I'm trying to use BeautifulSoup to get information from HTML files. After narrowing down the 'soup' through soup.table.table.tbody.find_all('table', attrs={'cellspacing' : '0'})
, this is the kind of html I have to work with (I've removed some of the html to save space):
<table border="0" cellpadding="0" cellspacing="0" width="100%">
<tbody>
<tr><td>SOME CITY</td></tr>
</tbody>
</table>, <table border="0" cellpadding="0" cellspacing="0" width="100%">
<tbody>
<tr><td>SOME ADDRESS</td></tr>
<tr><td>SOME ADDRESS 2</td></tr>
<tr><td>SOME CITY, STATE, ZIPCODE</td></tr>
<tr><td><a class="icon_arrow" href="http://SOMEURL" onclick="window.open('http://SOMEWEBSITE'); return false;" target="_blank">Visit website</a></td></tr>
</tbody>
</table>, <table border="0" cellpadding="0" cellspacing="0" width="100%">
<tbody>
<tr><td>SOME NAME </td></tr>
</tbody>
</table>, <table border="0" cellpadding="0" cellspacing="0" width="100%">
<tbody>
<tr><td nowrap="nowrap">SOME TELEPHONE</td></tr>
<tr><td><a class="icon_arrow" href="/mcs/iframecontactUsFormAction.do?toEmail=SOME@EMAIL.COM" onclick="window.open(%=contactUs%); return false;" target="_blank">E-mail Me</a></td></tr>
</tbody>
</table>, <table border="0" cellpadding="0" cellspacing="0" width="100%">
<tbody>
<tr><td>SOME CTIY</td></tr>
</tbody>
</table>, <table border="0" cellpadding="0" cellspacing="0" width="100%">
<tbody>
<tr><td>SOME ADDRESS</td></tr>
<tr><td>SOME ADDRESS2</td></tr>
<tr><td>SOME CITY, STATE, ZIPCODE</td></tr>
</tbody>
</table>, <table border="0" cellpadding="0" cellspacing="0" width="100%">
<tbody>
<tr><td>SOME NAME </td></tr>
</tbody>
</table>, <table border="0" cellpadding="0" cellspacing="0" width="100%">
<tbody>
<tr><td nowrap="nowrap">SOME TELEPHONE</td></tr>
<tr><td><a class="icon_arrow" href="/mcs/iframecontactUsFormAction.do?toEmail=SOME@EMAIL.COM" onclick="window.open(%=contactUs%); return false;" target="_blank">E-mail Me</a></td></tr>
</tbody>
</table>
</table>
The format for these pages is similar, some with more or less records.
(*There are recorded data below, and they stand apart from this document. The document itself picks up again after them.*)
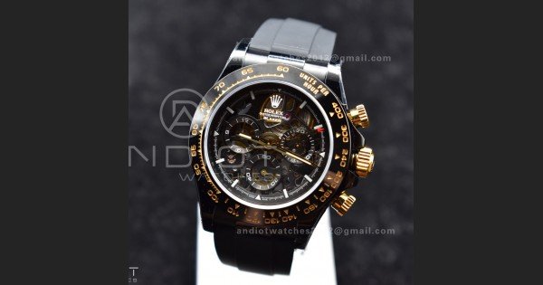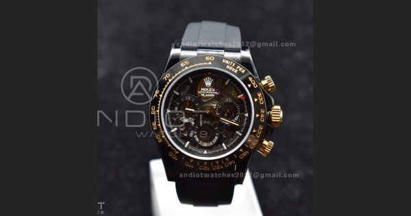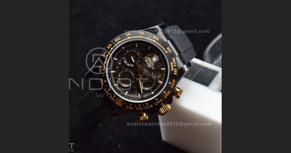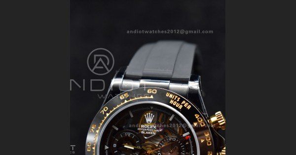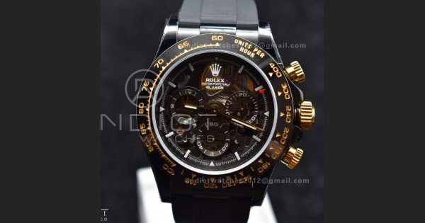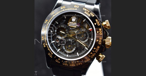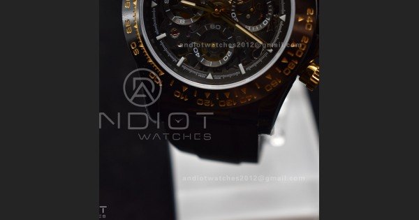 Reviews Over Blaken Daytona PVD Ceramic Bezel GETF Best Edition Skeleton Gold Dial on Black Rubber Strap SA4130
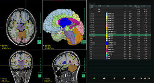 分離した脳区域を可視化し,各領域の体積を定量化できる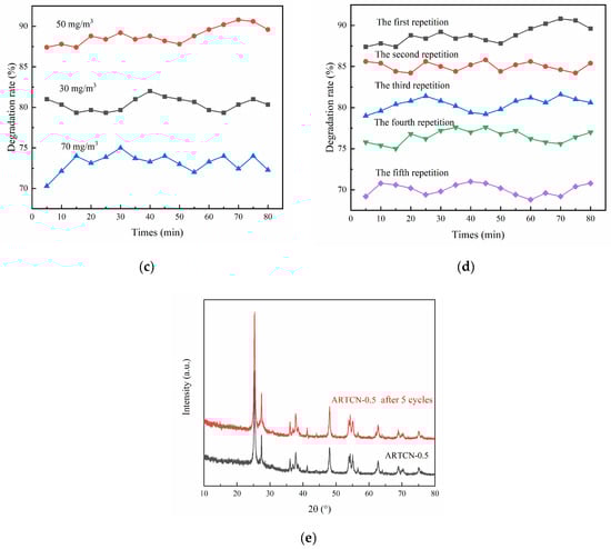 Figure 7e shows the XRD patterns of ARTCN-0.5 before and after repeated use (five times). We found that the crystal shape and structure of ARTCN-0.5 did not significantly change after five repeated uses, indicating that its properties were stable.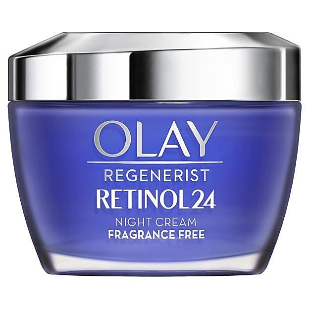 Regenerist Retinol 24 de Olay. Combina dos ingredientes muy potentes: vitamina B3 (niacinamida) + complejo retinoide para ofrecer 24 horas de hidratación, junto con otras propiedades. Esta crema facial de noche con retinol mejora visiblemente arrugas y líneas, textura, luminosidad, firmeza, manchas y poros. Se absorbe rápidamente y trata las capas más profundas de la superficie de la piel para que despiertes cada mañana con una piel más joven y radiante. Precio: 34,99 euros en Primor.

The information I am interested in extracting is SOME CITY, SOME ADDRESS, SOME ADDRESS2, SOME CITY, STATE, ZIPCODE, NAME, SOME TELEPHONE, and SOME@EMAIL.COM (though this can be skipped).
Looking at the html, it appears that all of the relevant information is between tags. I am just having a difficult time getting BS to find those tags to extract the information.